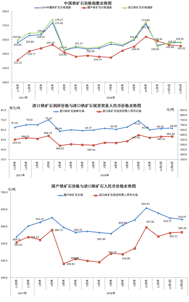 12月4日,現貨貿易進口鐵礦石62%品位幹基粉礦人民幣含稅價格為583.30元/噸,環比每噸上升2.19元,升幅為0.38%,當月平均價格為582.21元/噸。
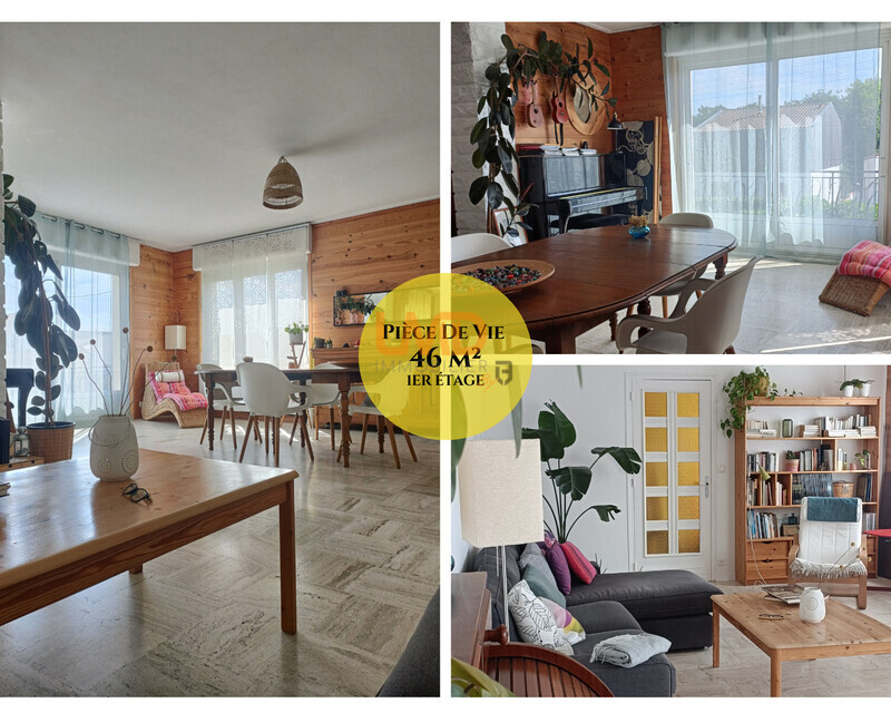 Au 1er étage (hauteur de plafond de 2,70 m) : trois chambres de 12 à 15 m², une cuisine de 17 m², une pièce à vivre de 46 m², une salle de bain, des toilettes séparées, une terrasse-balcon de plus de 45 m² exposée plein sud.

::::::::

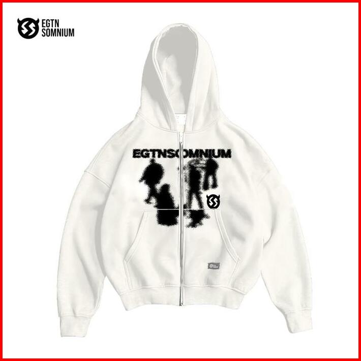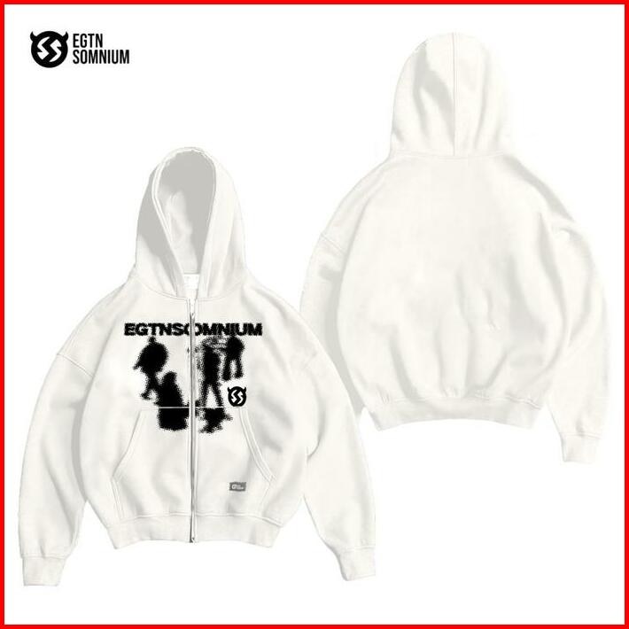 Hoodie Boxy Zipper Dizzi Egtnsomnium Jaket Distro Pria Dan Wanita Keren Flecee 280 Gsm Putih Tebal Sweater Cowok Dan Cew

::::::::

Look above for the line with "12月4日,現貨貿易進口鐵礦" and the line with "Au 1er étage"; set down those two lines and all lines between them exactly, without pictures and without anything else.

◆ **ANSWER TO THIS PROBLEM**:
 12月4日,現貨貿易進口鐵礦石62%品位幹基粉礦人民幣含稅價格為583.30元/噸,環比每噸上升2.19元,升幅為0.38%,當月平均價格為582.21元/噸。
 Au 1er étage (hauteur de plafond de 2,70 m) : trois chambres de 12 à 15 m², une cuisine de 17 m², une pièce à vivre de 46 m², une salle de bain, des toilettes séparées, une terrasse-balcon de plus de 45 m² exposée plein sud.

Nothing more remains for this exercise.